Stephan Winkelmann stood in the Sebring paddock and said something nobody expected from the CEO of a company that just killed its electric car: Lamborghini needs a grand tourer.
Not a sedan. Not a baby SUV. A two-door, 2+2 gran turismo — the exact body style that launched the brand in 1963 with the 350 GT, before anyone associated the name with scissor doors and Miami Vice fantasies.
“What was missing, or what is still missing, and what was at the beginning, the starting point of our company, is a gran turismo,” Winkelmann told reporters at the 12 Hours of Sebring. “So the idea is a two-door 2+2 gran turismo.”
The timing is telling. Just weeks earlier, in February, Lamborghini pulled the plug on the Lanzador, the all-electric four-seat concept unveiled in 2023 that was supposed to be the company’s bold leap into battery power. Winkelmann described the EV target market as “close to zero.” Now he’s pivoting that fourth model slot toward something with a combustion engine and a longer hood.

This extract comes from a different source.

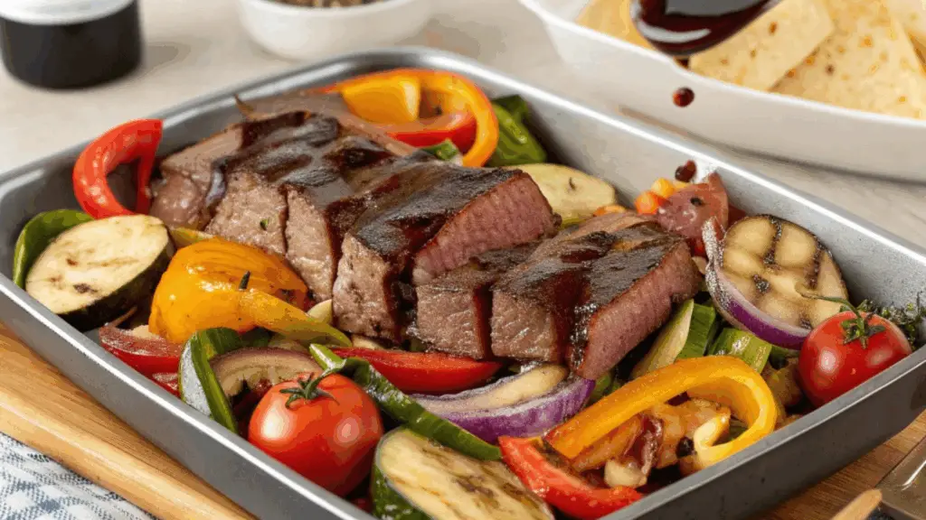 Un delicioso filete de res con una salsa balsámica, acompañado de verduras asadas, todo cocinado en una sola sartén. ¡Fácil de preparar, lleno de sabor y perfecto para una comida saludable!

The Lanzador concept showed up with SUV-like ride height, black plastic cladding, and a coupe roofline — a familiar recipe in today’s market. But Winkelmann’s new language suggests the production car could sit considerably lower, with proportions closer to a traditional GT than a jacked-up crossover. That’s a meaningful shift from what the concept promised.

Winkelmann was methodical about what he ruled out. A compact SUV would cannibalize the Urus, which remains Lamborghini’s volume king. A sedan made no strategic sense either.
If you sell a sedan, you sell almost only long-wheelbase cars, which are not looking that good on our type of cars,” he said. That’s a polite way of saying Lamborghini has no business building a limousine.
The company flirted with both ideas before. The Estoque sedan concept surfaced in 2008 and went nowhere. The Asterion hybrid GT concept appeared in 2014 and also died on the show stand. Lamborghini has been circling this segment for over a decade without committing.
This time feels different, if only because the rest of the lineup has matured enough to justify it. The Revuelto and Temerario are proper supercars — violent, uncompromising, not built for crossing continents. The Urus SE handles grand touring duties by default, but it weighs nearly three tons and shares a platform with the Porsche Cayenne.
There’s a gap between the SUV and the mid-engined screamers that a front-engined, long-legged coupe could fill perfectly.
If it arrives as expected before decade’s end — likely around 2029 — this GT would almost certainly carry a plug-in hybrid powertrain. Lamborghini wants its entire range electrified by 2030, and Winkelmann has repeatedly pledged to keep internal combustion alive “for as long as possible.” A PHEV grand tourer threads that needle.

It would also be the first front-engined, non-SUV Lamborghini since the Espada ceased production in 1978. Nearly half a century.
The competitive set is formidable: Ferrari Roma, Aston Martin DB12, Bentley Continental GT, Mercedes-AMG GT 63 S E Performance. Every one of those cars prints money for its manufacturer. Every one attracts buyers who want speed without spinal damage.
Winkelmann hasn’t abandoned the idea of a pure EV entirely. He told Road & Track that Lamborghini is “continuing to work on the EV idea” and wants “to be ready when the time comes,” though he emphasized that won’t happen before 2030. The batteries can wait, but a fourth revenue stream cannot.
Lamborghini built its legend on the Miura and Countach. But Ferruccio Lamborghini built his company on elegant, front-engined grand tourers meant to eat miles, not apexes. Sixty-three years later, his successor is finally circling back to the original formula — with a hybrid battery where the spare tire used to be.